DATA PROVIDED
□ □ □ □ □ □ □
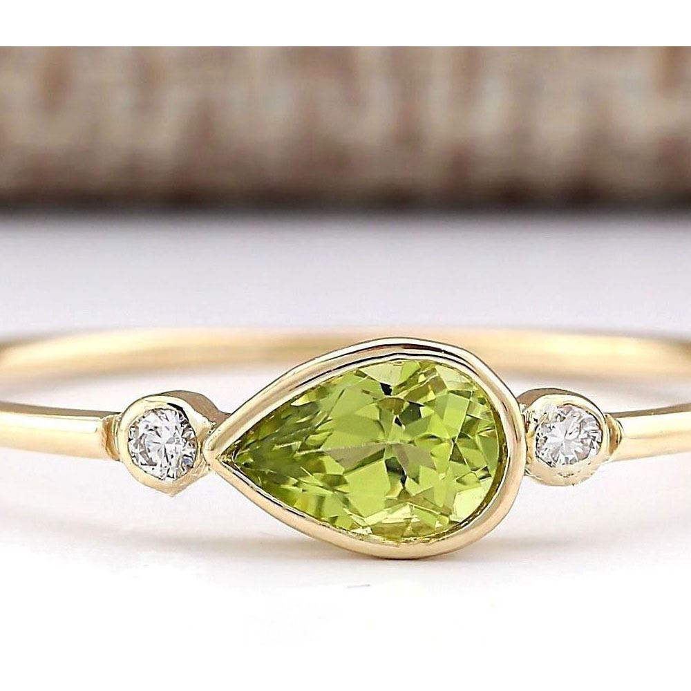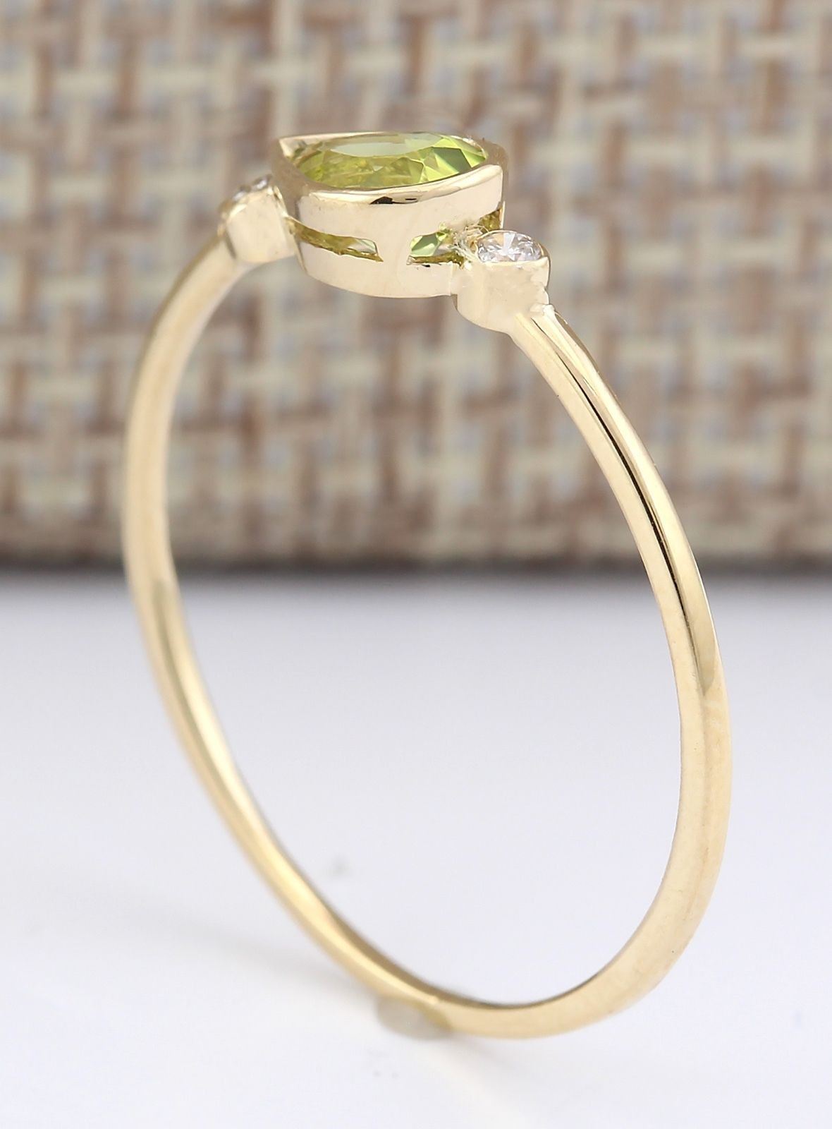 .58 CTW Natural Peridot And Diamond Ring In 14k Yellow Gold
□ □ □ □ □ □ □
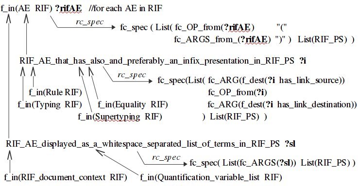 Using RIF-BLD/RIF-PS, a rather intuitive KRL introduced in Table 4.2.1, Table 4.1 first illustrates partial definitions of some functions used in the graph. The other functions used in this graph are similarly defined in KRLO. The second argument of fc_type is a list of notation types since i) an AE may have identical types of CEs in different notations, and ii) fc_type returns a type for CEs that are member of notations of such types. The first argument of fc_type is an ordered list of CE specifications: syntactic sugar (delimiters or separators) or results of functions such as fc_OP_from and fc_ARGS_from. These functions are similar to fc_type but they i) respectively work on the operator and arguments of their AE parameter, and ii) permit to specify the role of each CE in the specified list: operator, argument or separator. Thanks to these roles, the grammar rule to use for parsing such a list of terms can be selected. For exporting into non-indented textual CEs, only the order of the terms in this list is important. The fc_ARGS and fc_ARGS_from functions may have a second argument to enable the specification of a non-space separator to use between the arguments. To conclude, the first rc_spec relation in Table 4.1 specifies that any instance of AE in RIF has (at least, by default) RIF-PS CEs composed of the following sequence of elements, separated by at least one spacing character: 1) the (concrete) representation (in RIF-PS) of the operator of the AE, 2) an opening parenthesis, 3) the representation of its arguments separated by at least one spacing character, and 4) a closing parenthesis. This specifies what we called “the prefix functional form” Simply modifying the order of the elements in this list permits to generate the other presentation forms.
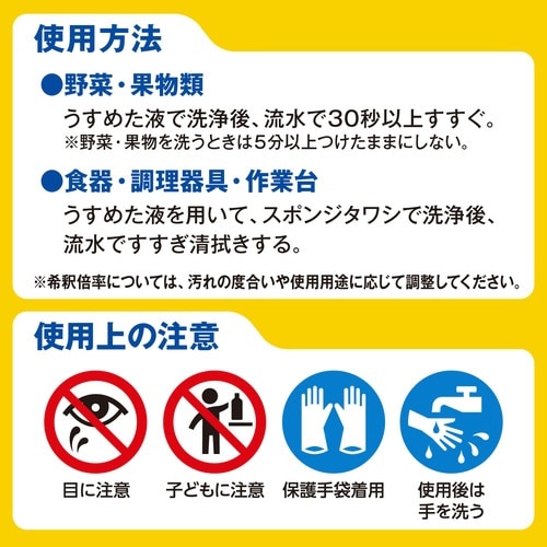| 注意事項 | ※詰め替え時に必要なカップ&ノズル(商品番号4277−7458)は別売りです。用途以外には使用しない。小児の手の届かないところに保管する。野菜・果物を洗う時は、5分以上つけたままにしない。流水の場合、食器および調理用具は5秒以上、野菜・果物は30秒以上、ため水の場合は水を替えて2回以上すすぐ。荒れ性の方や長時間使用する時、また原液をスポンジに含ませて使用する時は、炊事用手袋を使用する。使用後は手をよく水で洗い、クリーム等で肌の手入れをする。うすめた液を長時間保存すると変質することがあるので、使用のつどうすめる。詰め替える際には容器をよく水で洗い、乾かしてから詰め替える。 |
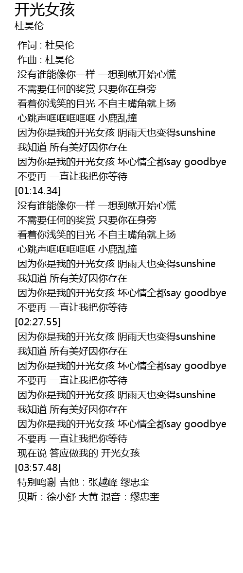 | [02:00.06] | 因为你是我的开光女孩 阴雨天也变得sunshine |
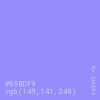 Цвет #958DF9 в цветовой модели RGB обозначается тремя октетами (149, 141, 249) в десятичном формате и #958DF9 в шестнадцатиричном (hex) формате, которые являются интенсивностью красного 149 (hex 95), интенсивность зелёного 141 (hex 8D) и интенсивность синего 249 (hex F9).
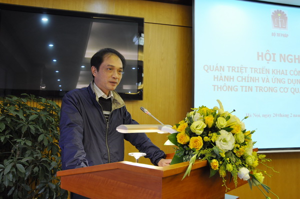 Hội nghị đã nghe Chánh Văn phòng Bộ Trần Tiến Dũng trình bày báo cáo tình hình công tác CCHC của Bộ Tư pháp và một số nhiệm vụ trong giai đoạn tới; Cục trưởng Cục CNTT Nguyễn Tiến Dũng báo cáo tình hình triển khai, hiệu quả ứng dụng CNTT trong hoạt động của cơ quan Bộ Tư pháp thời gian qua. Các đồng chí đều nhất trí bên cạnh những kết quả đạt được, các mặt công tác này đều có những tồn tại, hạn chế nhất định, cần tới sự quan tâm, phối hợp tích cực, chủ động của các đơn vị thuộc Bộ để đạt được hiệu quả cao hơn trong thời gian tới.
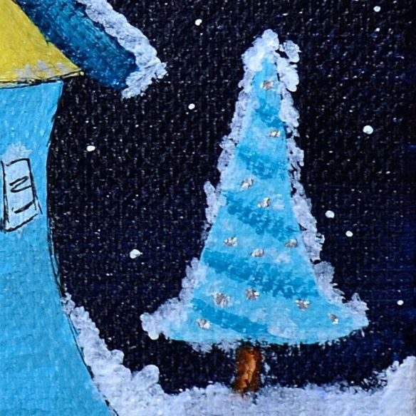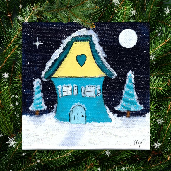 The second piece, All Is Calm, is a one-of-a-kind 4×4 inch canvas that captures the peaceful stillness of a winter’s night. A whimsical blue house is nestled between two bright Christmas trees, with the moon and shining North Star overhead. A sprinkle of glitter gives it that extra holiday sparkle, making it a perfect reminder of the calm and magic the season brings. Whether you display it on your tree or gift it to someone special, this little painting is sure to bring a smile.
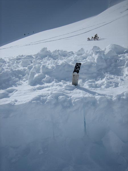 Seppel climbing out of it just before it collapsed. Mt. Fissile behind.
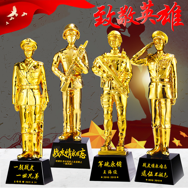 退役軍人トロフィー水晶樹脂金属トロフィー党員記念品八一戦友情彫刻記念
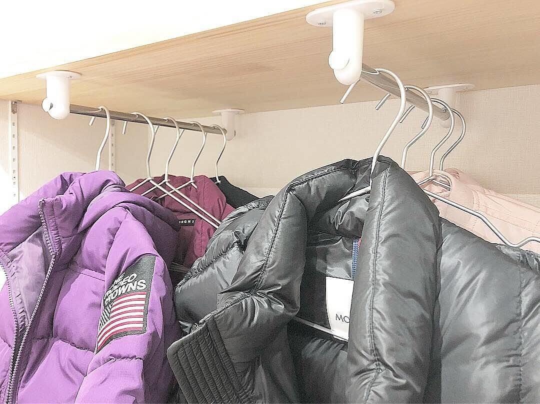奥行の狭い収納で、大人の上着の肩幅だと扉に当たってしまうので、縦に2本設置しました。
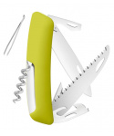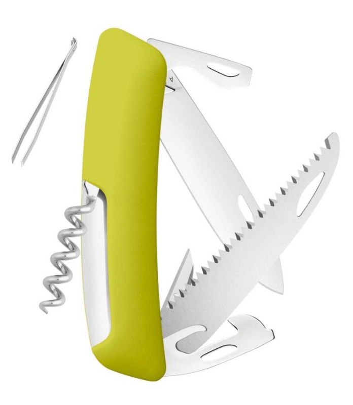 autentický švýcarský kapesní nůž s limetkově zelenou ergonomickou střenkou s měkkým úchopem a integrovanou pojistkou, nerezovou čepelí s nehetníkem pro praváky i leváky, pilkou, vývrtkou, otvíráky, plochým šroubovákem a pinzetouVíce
□ □ □ □ □ □ □
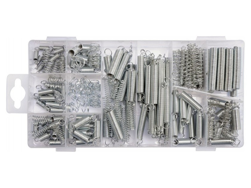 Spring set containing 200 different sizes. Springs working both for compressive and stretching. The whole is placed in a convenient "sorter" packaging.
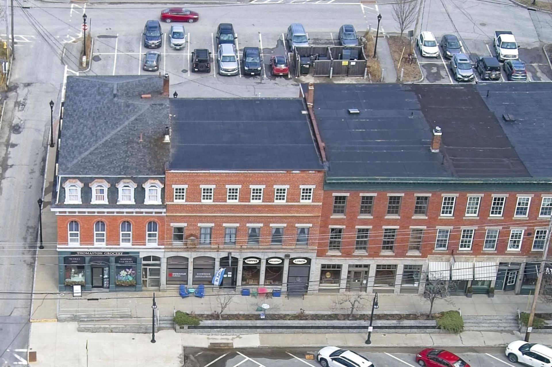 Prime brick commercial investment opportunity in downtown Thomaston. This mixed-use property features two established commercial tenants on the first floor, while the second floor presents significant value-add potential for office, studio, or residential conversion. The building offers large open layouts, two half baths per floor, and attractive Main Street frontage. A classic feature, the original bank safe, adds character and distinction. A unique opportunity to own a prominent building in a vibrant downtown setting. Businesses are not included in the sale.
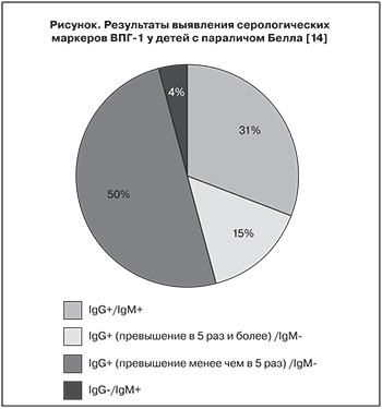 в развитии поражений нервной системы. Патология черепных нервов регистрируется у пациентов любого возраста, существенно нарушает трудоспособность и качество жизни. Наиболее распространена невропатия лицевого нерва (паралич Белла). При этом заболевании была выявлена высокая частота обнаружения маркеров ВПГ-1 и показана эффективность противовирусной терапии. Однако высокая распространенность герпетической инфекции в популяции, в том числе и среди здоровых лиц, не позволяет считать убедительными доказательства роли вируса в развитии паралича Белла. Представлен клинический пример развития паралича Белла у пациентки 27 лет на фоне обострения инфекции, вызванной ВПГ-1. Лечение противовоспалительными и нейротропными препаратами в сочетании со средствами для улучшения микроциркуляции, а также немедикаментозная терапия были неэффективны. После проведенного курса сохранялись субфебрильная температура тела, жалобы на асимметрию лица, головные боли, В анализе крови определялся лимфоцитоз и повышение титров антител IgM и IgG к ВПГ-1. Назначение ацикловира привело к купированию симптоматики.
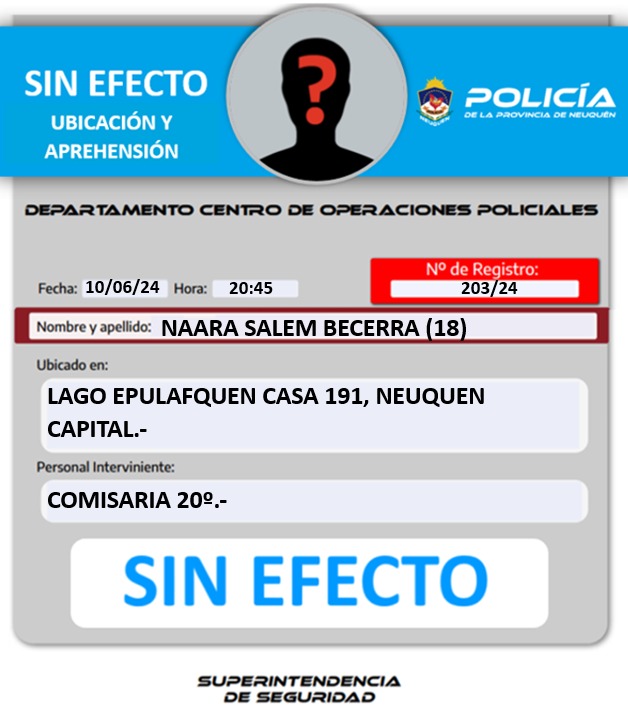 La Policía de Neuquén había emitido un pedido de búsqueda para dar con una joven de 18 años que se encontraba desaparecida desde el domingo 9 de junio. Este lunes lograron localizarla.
□ □ □ □ □ □ □
BRIEF
What you return must match, character for character, the lines above from the one with "退役軍人トロフィー水晶樹脂金属トロフィー党員記念品八一戦友情彫刻記念" through the one with "autentický švýcarský kapesní", minus any pictures.

TASK SOLUTION
 退役軍人トロフィー水晶樹脂金属トロフィー党員記念品八一戦友情彫刻記念
奥行の狭い収納で、大人の上着の肩幅だと扉に当たってしまうので、縦に2本設置しました。
 autentický švýcarský kapesní nůž s limetkově zelenou ergonomickou střenkou s měkkým úchopem a integrovanou pojistkou, nerezovou čepelí s nehetníkem pro praváky i leváky, pilkou, vývrtkou, otvíráky, plochým šroubovákem a pinzetouVíce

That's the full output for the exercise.